The Intermedial Zoom
The project focuses on the technique of zoom and its approaches across different media, from a comparative perspective. We are interested to compare the particularities of zooming in cartography, photography, film and textual materials, trying to identify patterns of expressivity on the level of meaning, aesthetic and cognitive reflection, and their possible uses in creating new digital paradigms.
From a theoretical perspective, the study may address the following or similar types of questions:
- meaning of zooming camera movement in movie scenes;
- artistic or pedagogic usages of photographic and cartographic zoom;
- change of scale and global/local dynamics in cognitive processes and object perception;
- detail as an aesthetic and cognitive category in electronic zoom;
- stylistic or narrative zooming effects in fictional and non-fictional texts;
- transposition to a new medium of a zoom approach usually related to another support or mode of expression.

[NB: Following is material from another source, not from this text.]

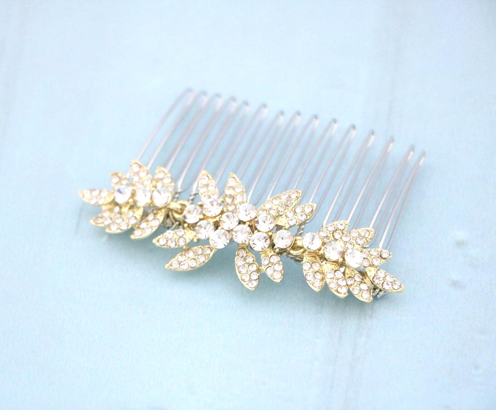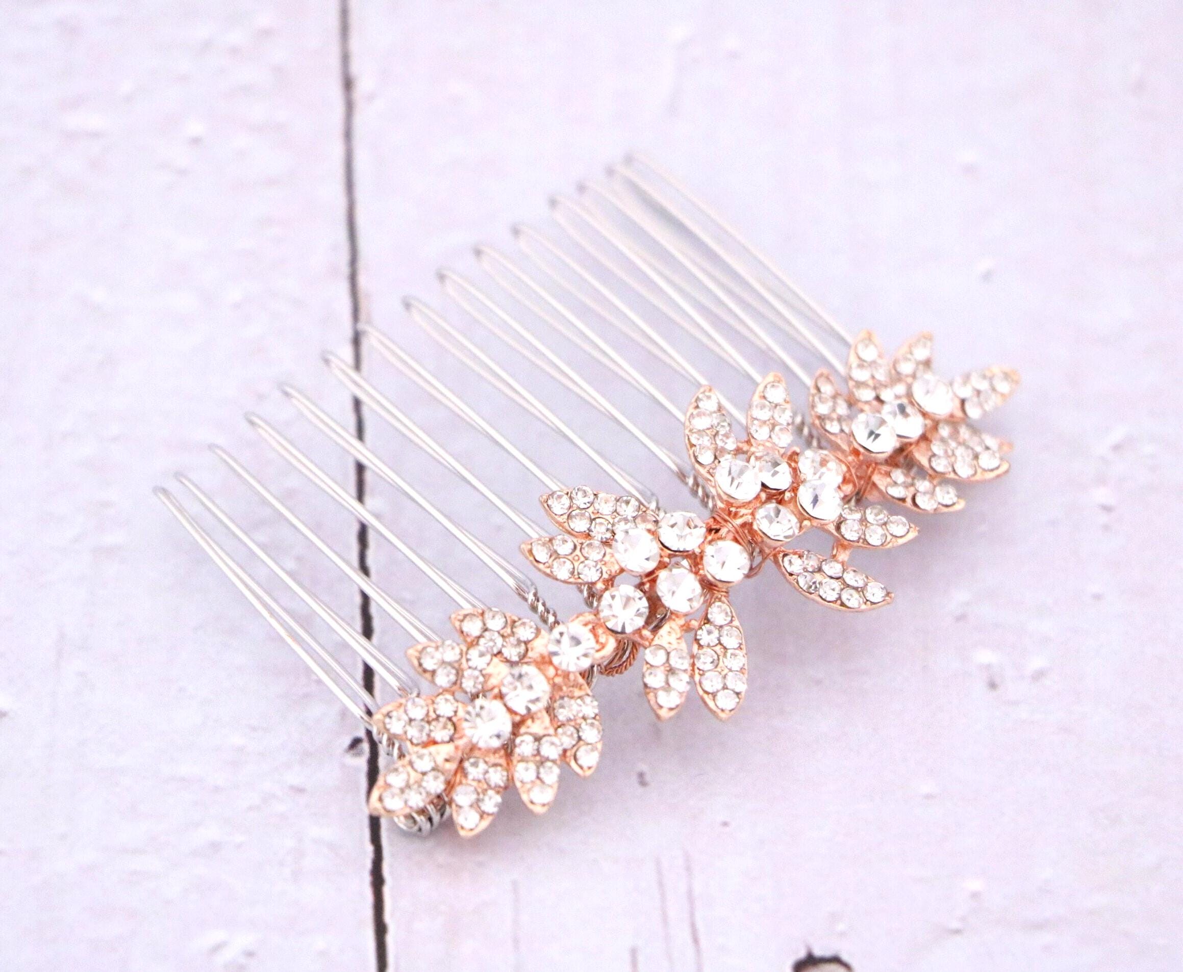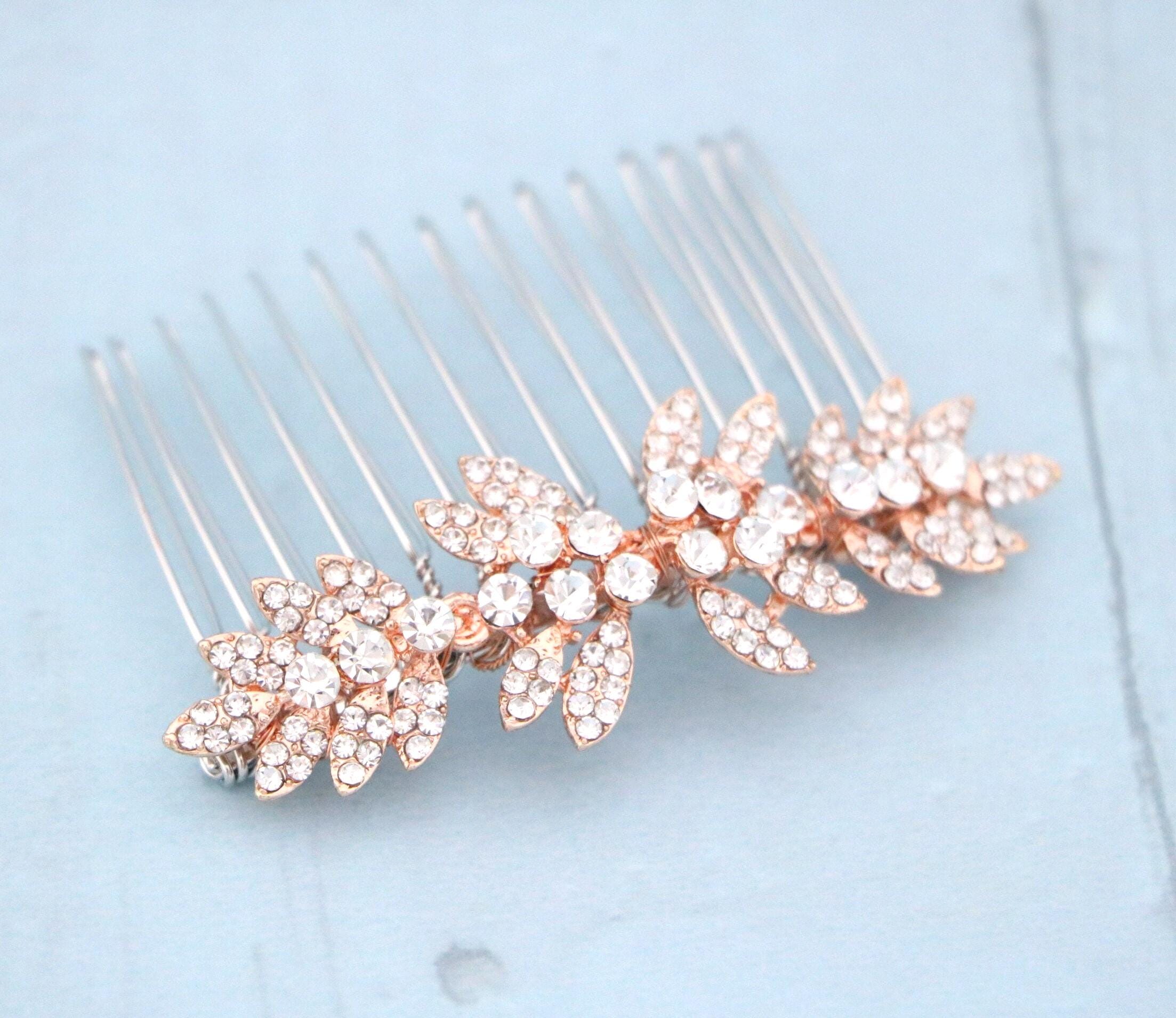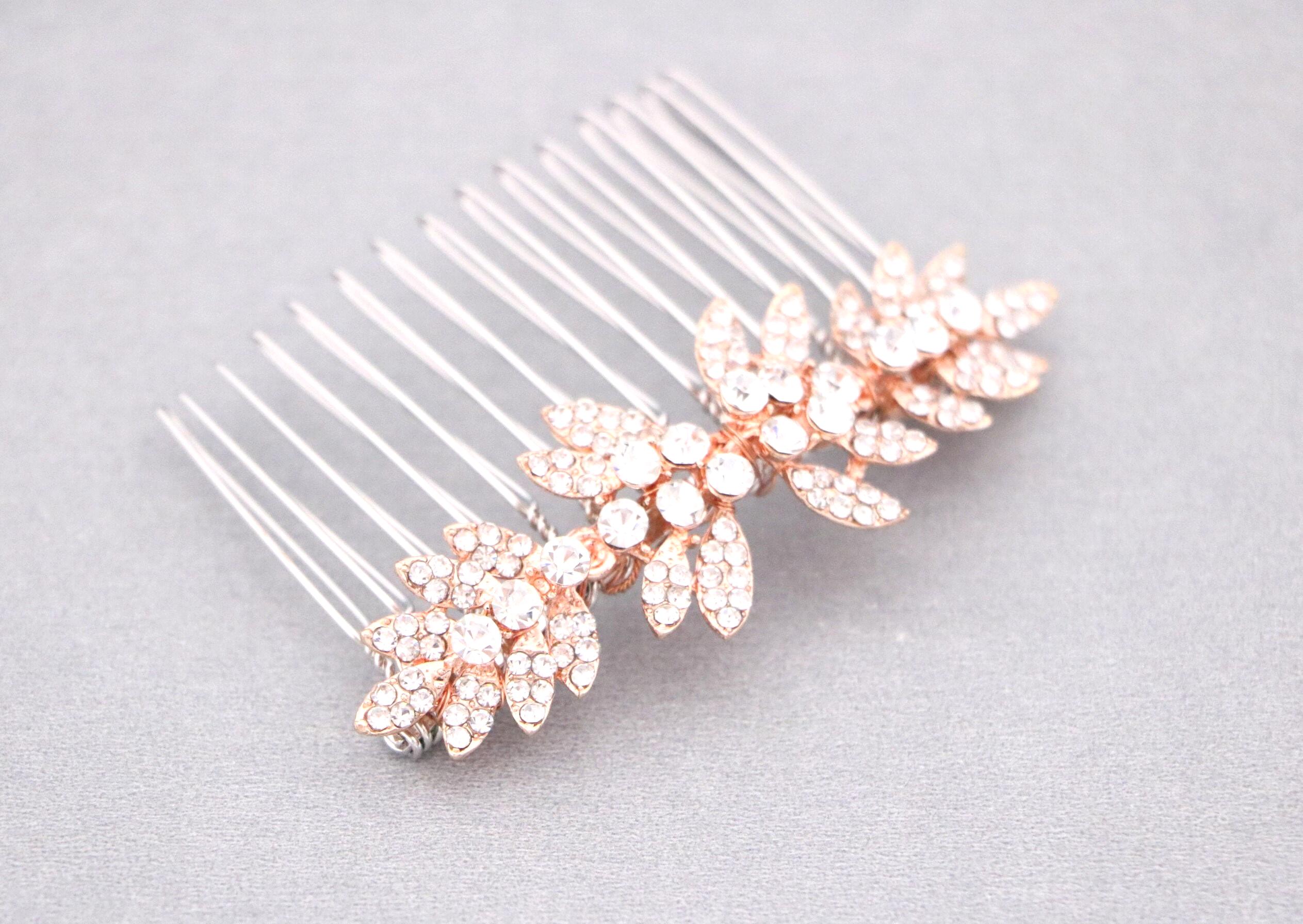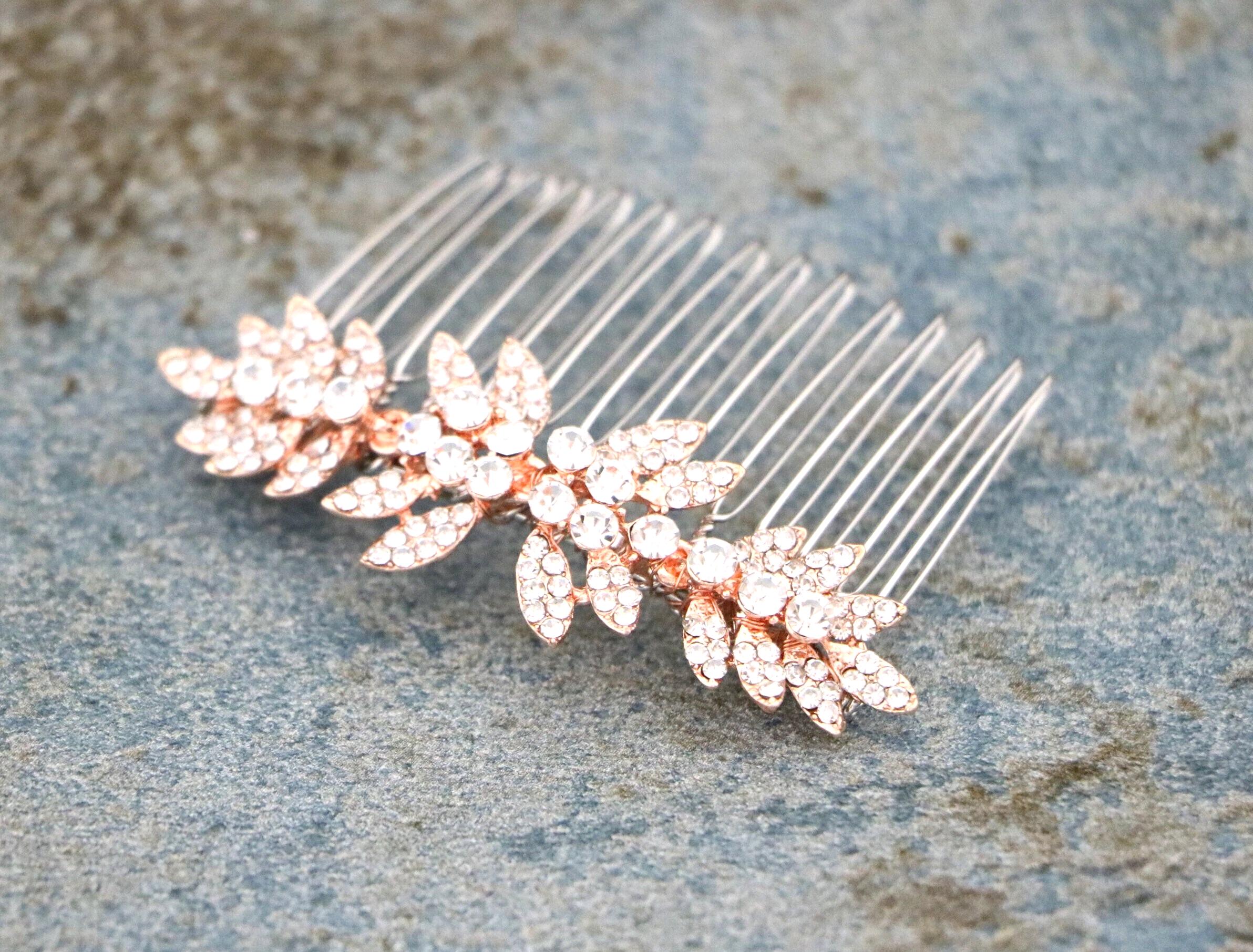 Wedding Hair Comb Rose Gold, Bridal Hair Comb, Vintage style Rhinestone Floral Hair Comb

From a practical, experimental perspective, the project is based on an existing model of textual zoom (z-text) and interface (zoom-editor) allowing the text to be structured on levels of details and to be explored by zoom-in and zoom-out, in a way similar to a scalable map. With application in creative writing, literary criticism or pedagogy, the model may be used in potential scenarios such as:
- gradual disclosure of details as an analytic, stylistic or storytelling strategy;
- variable physical or emotional proximity/distance to a textual object, simulating a camera-like approach;
- topic unfolding as a scalable map, from simple to complex, intuitive to abstract, “bird’s eye view” to tiny detail;
- kaleidoscopic view by change of the visualization tool (considering the same episode with different magnifying glasses).